Miss.Tic est une artiste plasticienne et poète d'art urbain née le à Paris. Ses œuvres apparaissent dans le paysage pictural et urbain à partir de 1985.

Biographie

Née à Montmartre d’un immigré tunisien, tantôt ouvrier, tantôt fort des Halles, et d’une mère « paysanne éclairée »[1], Miss.Tic grandit sur la Butte, le quartier des poètes, des peintres et des prostituées ; plus tard, devenue une figure de l'art de la rue, elle utilisera souvent la référence à ce quartier dans ses œuvres et ses performances.

En 1964, changement de décor, sa famille s’installe à la Cité des aviateurs à Orly. En 1966, sa mère, son frère et sa grand-mère meurent dans un accident de voiture ; les séquelles de ce drame feront d’elle une « gauchère obligée »[2]. En 1972, son père décède d’une crise cardiaque ; elle a seize ans. À la fin de ses études secondaires, elle se forme pendant plusieurs années au gré de travaux d’arts appliqués – décor de théâtre[3], maquette, photogravure[4] –, puis part s'installer en Californie au début des années 1980.

Ses débuts

De retour en France , à la suite d’un dépit amoureux, Miss.Tic décide d’utiliser ce dissentiment comme une pratique artistique, avec le pochoir à la bombe comme technique, et les murs comme support[5]. Bien que n’ayant suivi aucune formation en école d’art, cette aventurière en poésie ne manque pas de prétentions plastiques. Ses autoportraits, encore sommaires, sont rehaussés d’épigrammes à base de jeu de mots, de calembours, qui composent une chronique de son existence.

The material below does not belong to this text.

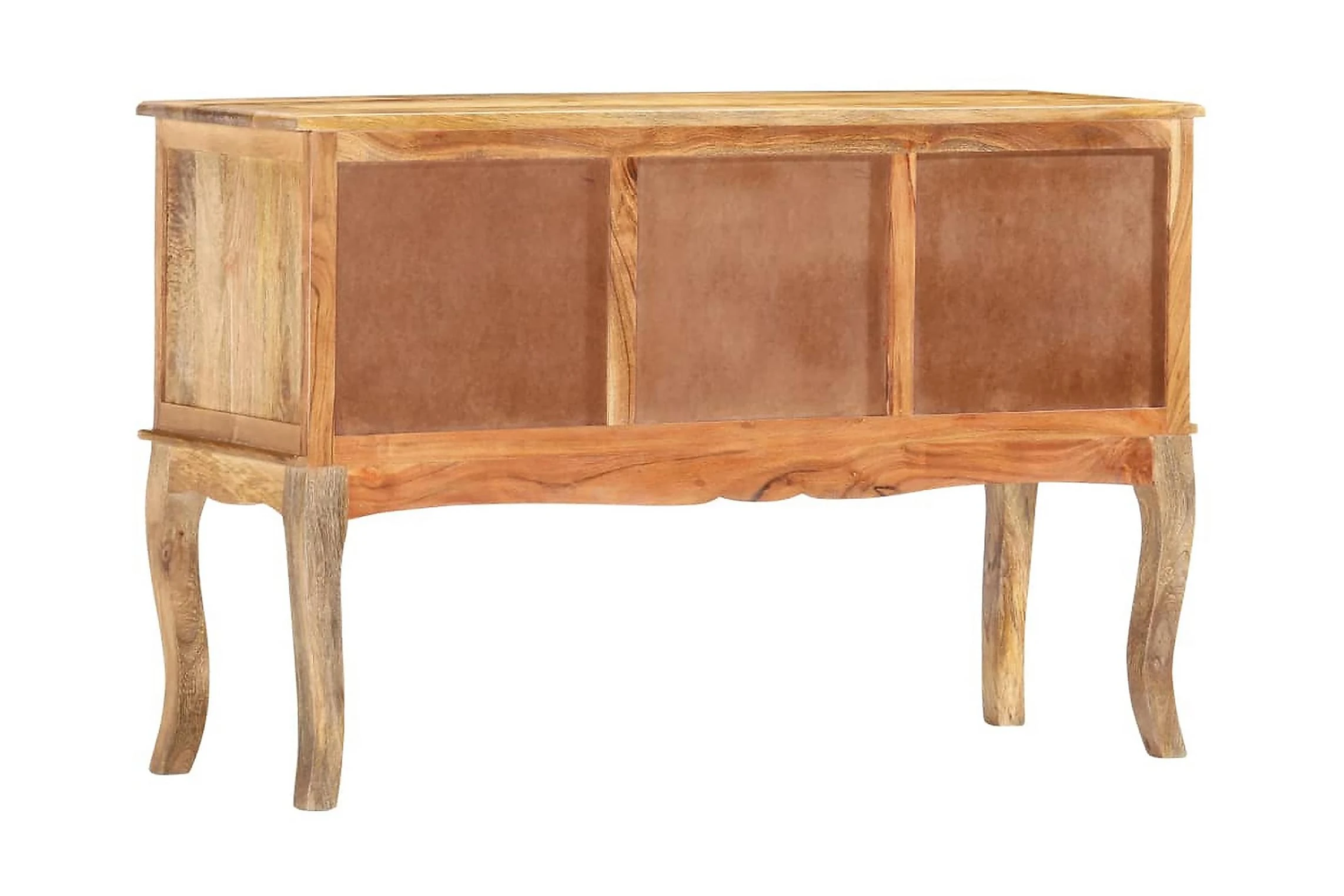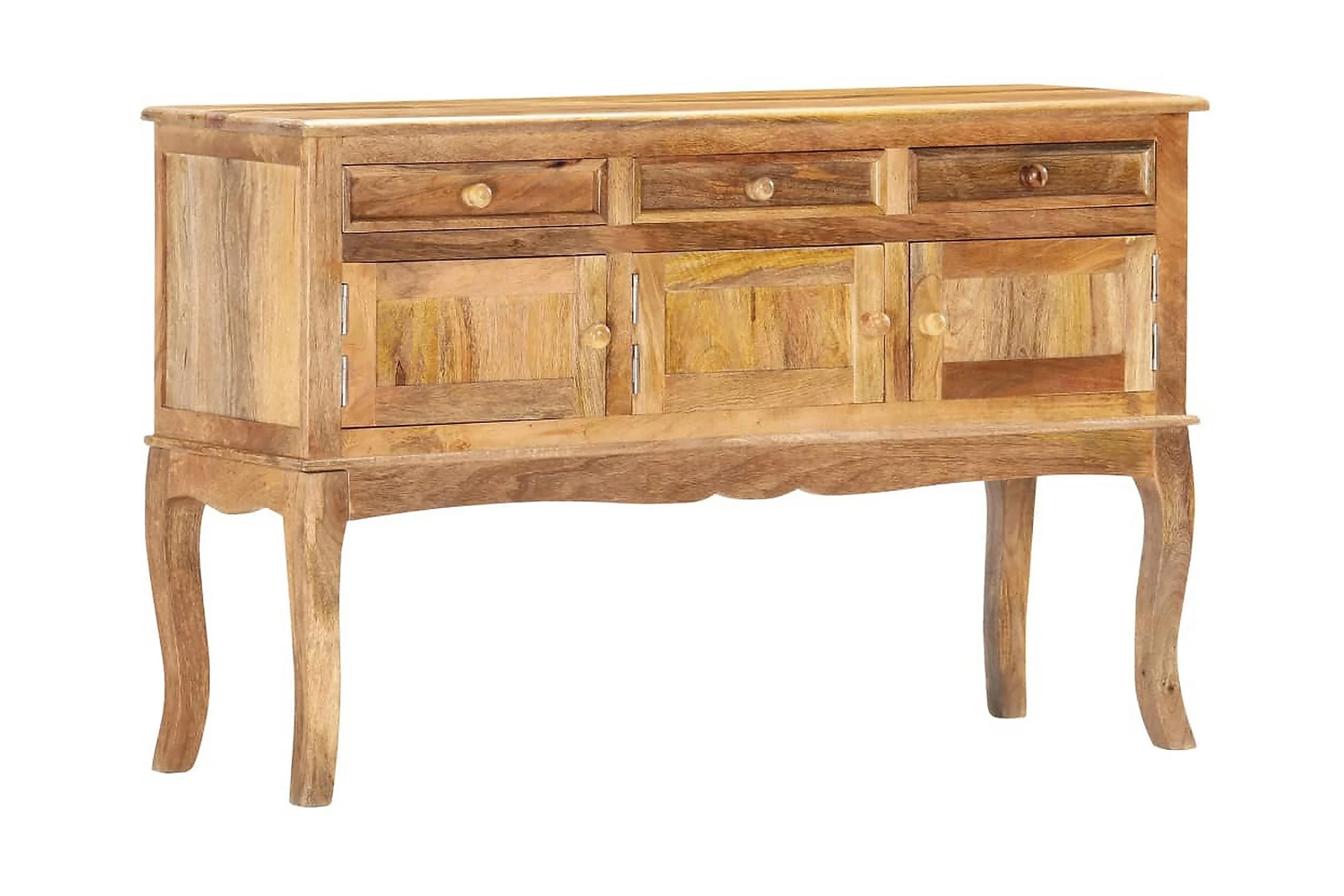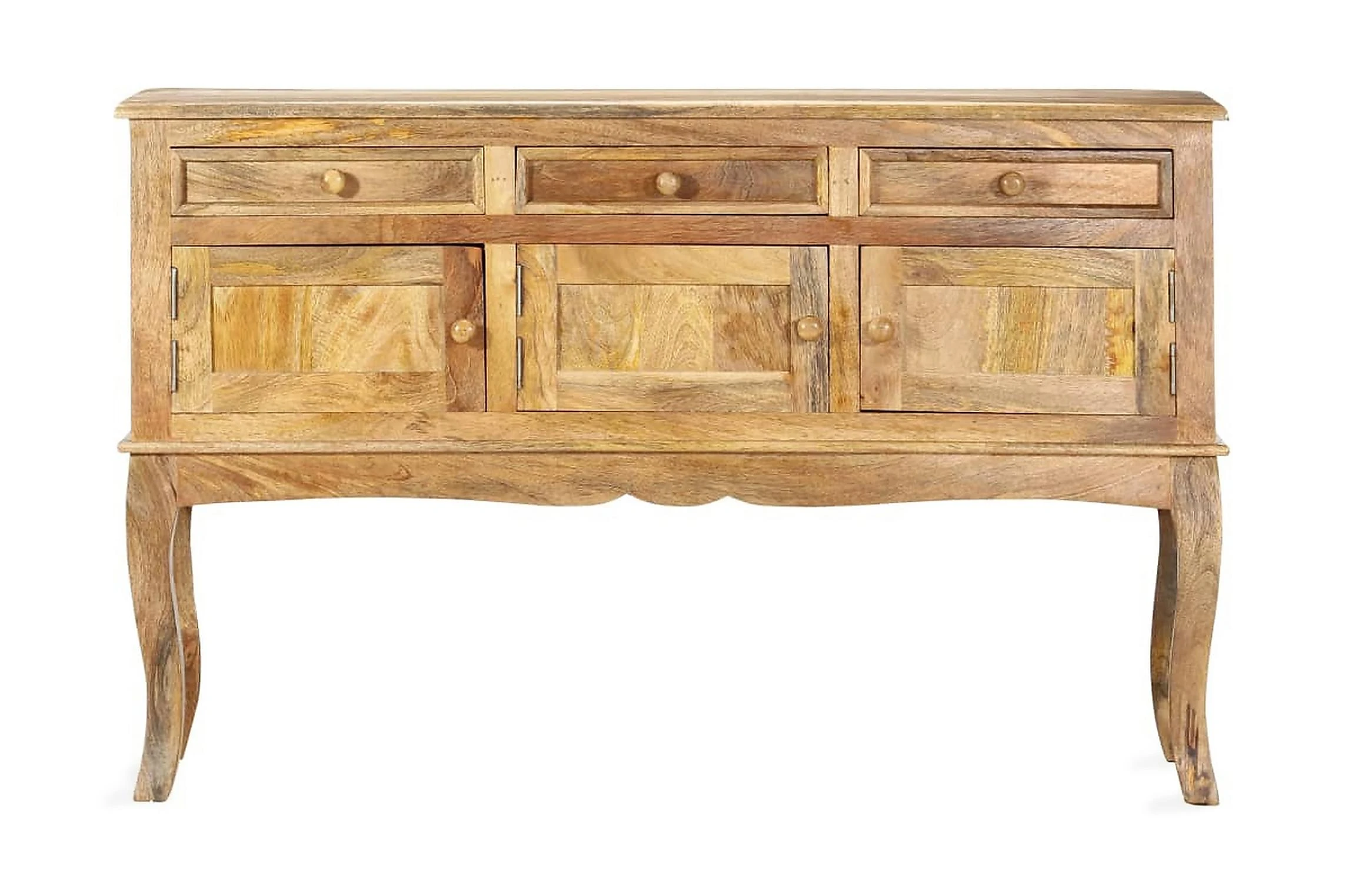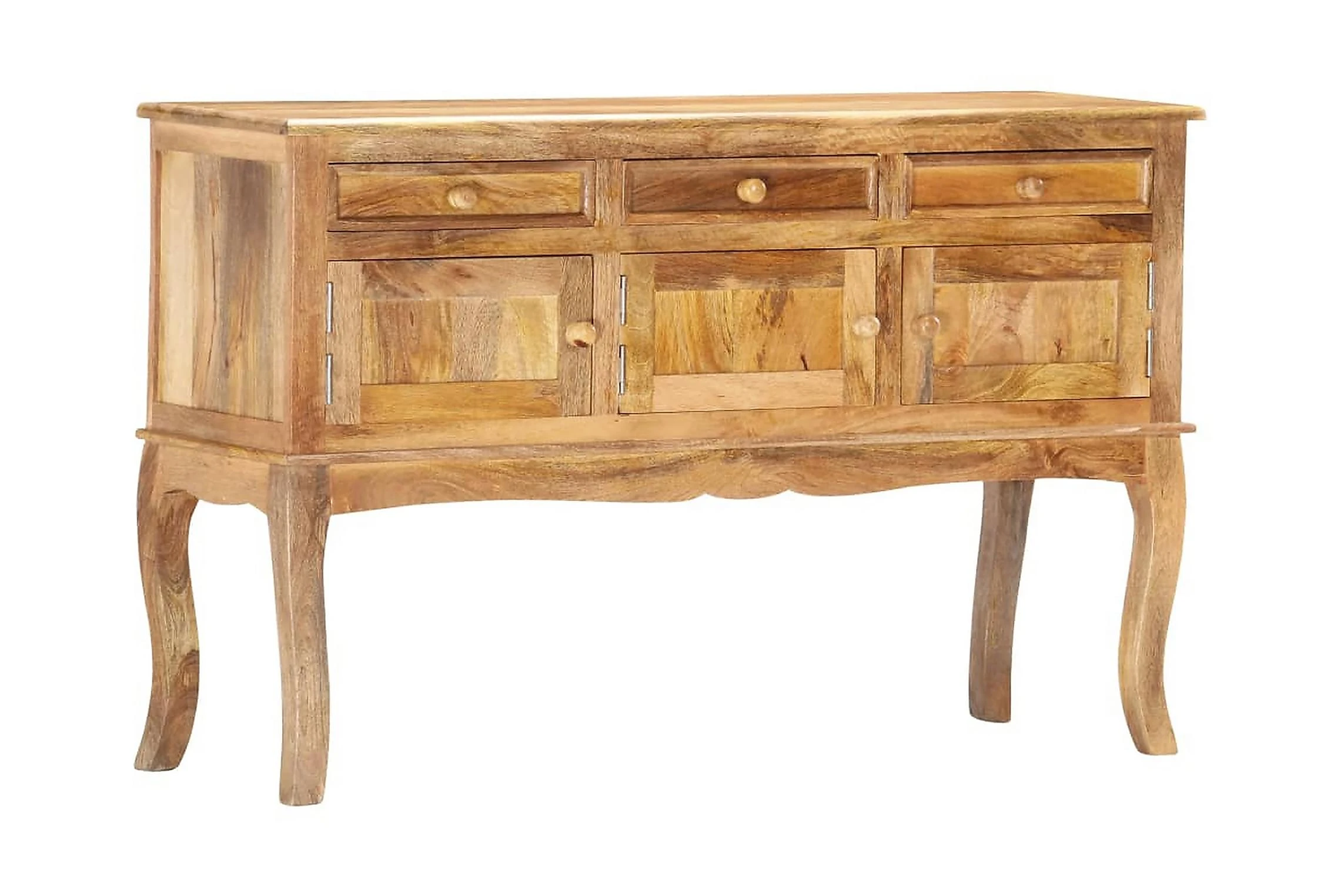 Skåpet är tillverkat i massivt mangoträ som är ett kompakt och robust lövträ med vackra strimmor och konturer i brunt eller guld. Varje steg i processen utförs med största omsorg, vare sig det är polering eller lackering. Hantverket bidrar till dess spektakulära franska stil. Dessutom har skänken 3 lådor och 3 dörrar så att du har gott om plats att hålla småsaker organiserade och inom räckhåll. Produkten är enkel att montera.

Le pseudonyme qu'elle se choisit, emprunté au personnage de sorcière railleuse Miss Tick[2] du Journal de Mickey, est dans l’esprit de ces années-là. Beaucoup de jeunes peintres s’affublent en effet de surnoms puisés dans les bandes dessinées, tels Placid et Muzo, les frères Ripoulin, les Musulmans fumants, Blek le rat, Speedy Graphito ou encore Paëlla Chimicos. Cette tendance « gros bêta » et irrévérencieuse est en rupture avec l’intellectualisme abstrait ou métaphysique des décennies précédentes.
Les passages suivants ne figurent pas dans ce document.